The CI gate we use: any prompt change that drops overall eval accuracy by more than 2 percentage points, or drops any single document category by more than 5 percentage points, blocks the merge and requires a review. Not a hard fail — someone can override it with justification. But it has to be a deliberate choice, not something that slips through because the author only tested the happy path.

Our take

Add the eval set as a CI job that runs on every prompt change. The job takes about 3 minutes to run 80 cases through Claude 3 Haiku at ~$0.04 total. It catches regressions that manual testing misses every single time.

Production monitoring as continuous testing

Once the system is live, production monitoring is the eval set running at scale. The signals we track: correction rate per field per week, broken down by document type. Confidence score distribution shifts — if the mean confidence on invoice date extraction drops from 0.93 to 0.87 over two weeks without a prompt change, something in the document population has changed. P95 latency, not average, because tail latency is where user experience breaks.

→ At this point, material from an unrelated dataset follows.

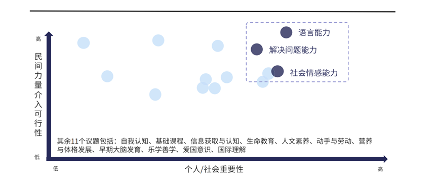 最终筛选出三个重要性高且可行性强的议题:语言能力、解决问题能力和社会情感能力。

Correction rate is the most important signal. A 3% weekly correction rate is a healthy system. A correction rate climbing from 3% to 8% over four weeks, quietly, without an alert, is how AI pipelines become expensive manual processes that people route around.

We build correction rate dashboards into every production AI system now. Not as a nice-to-have. As a go-live requirement. If the correction rate is climbing and we cannot explain why, the system is broken — even if unit tests are green and no exceptions are being thrown.

Unit tests for AI pipelines are necessary but they are not a QA strategy. A 100% unit test pass rate tells you the plumbing works. It tells you nothing about whether the outputs are correct. Treat eval sets, calibration tests, and correction rate monitoring as the actual QA layer — because they are.